Department of Neurology, Hospital de la Santa Creu i Sant Pau, Barcelona, Spain.
Department of Neurology, Hospital de la Santa Creu i Sant Pau, Barcelona, Spain; Movement Disorders Unit, Department of Neurology, Hospital de la Santa Creu i Sant Pau, Spain; Center for Networked Biomedical Research in Neurodegenerative Diseases (CIBERNED, Carlos III Health Institute (ISCIII), Madrid, Spain.
Parkinsonism Relat Disord. 2024 Nov;128:107127. doi: 10.1016/j.parkreldis.2024.107127. Epub 2024 Sep 17.
Heterozygous variants in the glucocerebrosidase (GBA1) gene are the most common genetic risk factor for Parkinson's Disease (PD).
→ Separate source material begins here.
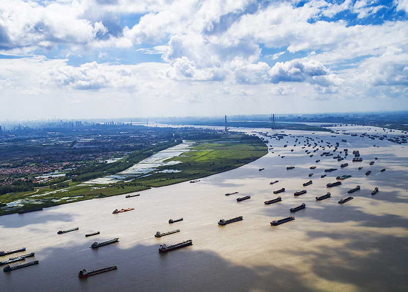 船舶在湖北省武漢市陽邏港區水域行駛(2018年8月13日攝,無人機照片)。新華社記者 肖藝九 攝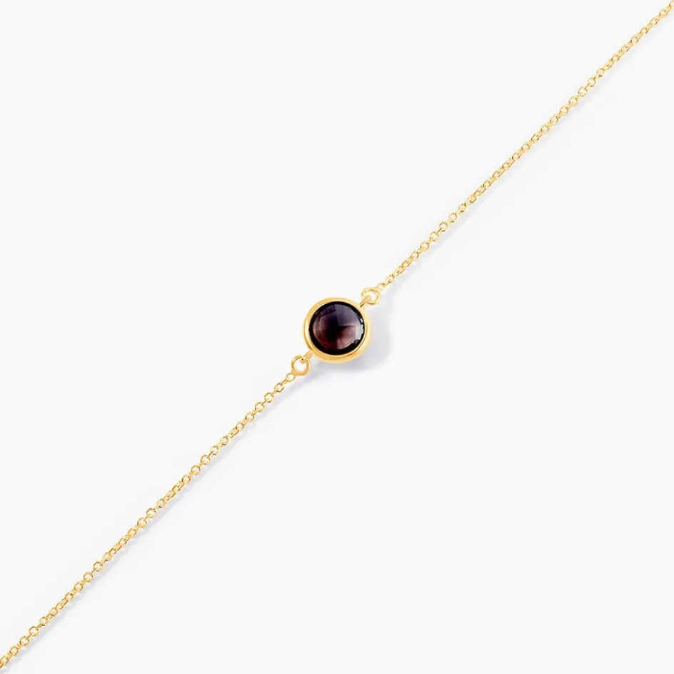 Bracelet Or Jaune 375/1000 Quartz Fume Serti Clos Maille Forçat 18cm

GBA1-PD patients exhibit earlier disease onset, severe motor impairment, and heightened cognitive decline. Deep Brain Stimulation (DBS) offers motor improvement for PD patients, but its cognitive effects, particularly in GBA1-PD, are debated.
This study involved 96 PD patients who underwent subthalamic nucleus DBS at Hospital de la Santa Creu i Sant Pau between 2004 and 2023. Clinical and neuropsychological assessments were conducted pre- and post-surgery, focusing on Mattis Dementia Rating Scale (MDRS) and Frontal Systems Behavior Scale (FrSBe). Patients were categorized into GBA1-PD and non-GBA1-PD groups, with non-GBA1-PD further divided into cognitive fast-progressors and slow-progressors.
GBA1 variants were present in 13.5 % of patients. GBA1-PD patients showed greater cognitive decline over time, particularly in attention, conceptualization, and memory, compared to non-GBA1-PD. Non-GBA1-PD fast-progressors exhibited significant cognitive deterioration in initiation and conceptualization within the first year post-DBS. Motor outcomes improved similarly across all groups, but slow-progressors showed a greater reduction in Levodopa Equivalent Daily Dose (LEDD).
GBA1-PD patients experience more rapid cognitive decline, particularly in posterior-cortical and fronto-striatal functions. Additionally, a subset of non-GBA1-PD patients shows significant early cognitive decline post-DBS, especially in executive functions. Baseline MDRS scores do not predict cognitive outcomes, highlighting the need for further research to refine prognostic tools. Despite cognitive challenges, GBA1-PD patients benefit from DBS in terms of motor outcomes, underscoring the importance of individualized assessments for DBS suitability, regardless of genetic status.
葡萄糖脑苷脂酶(GBA1)基因的杂合变体是帕金森病(PD)最常见的遗传风险因素。GBA1-PD 患者的疾病发病更早,运动功能受损更严重,认知能力下降更为明显。脑深部电刺激(DBS)为 PD 患者提供了运动改善,但它对认知的影响,特别是在 GBA1-PD 中,仍存在争议。
本研究纳入了 96 例于 2004 年至 2023 年期间在 Hospital de la Santa Creu i Sant Pau 接受丘脑底核 DBS 的 PD 患者。在手术前后进行了临床和神经心理学评估,重点评估了 Mattis 痴呆评定量表(MDRS)和额叶系统行为量表(FrSBe)。患者分为 GBA1-PD 和非 GBA1-PD 组,非 GBA1-PD 进一步分为认知快速进展者和缓慢进展者。
13.5%的患者存在 GBA1 变异。与非 GBA1-PD 患者相比,GBA1-PD 患者随时间推移认知能力下降更为明显,尤其是在注意力、概念化和记忆力方面。非 GBA1-PD 快速进展者在 DBS 后第一年的启动和概念化方面表现出显著的认知恶化。所有组的运动结果改善相似,但缓慢进展者的左旋多巴等效日剂量(LEDD)降低幅度更大。
GBA1-PD 患者经历更快的认知衰退,特别是在后皮质和额纹状体功能方面。此外,一部分非 GBA1-PD 患者在 DBS 后出现显著的早期认知衰退,尤其是在执行功能方面。基线 MDRS 评分不能预测认知结果,这突出表明需要进一步研究以完善预后工具。尽管存在认知挑战,但 GBA1-PD 患者在运动结果方面受益于 DBS,这凸显了无论遗传状况如何,对 DBS 适用性进行个体化评估的重要性。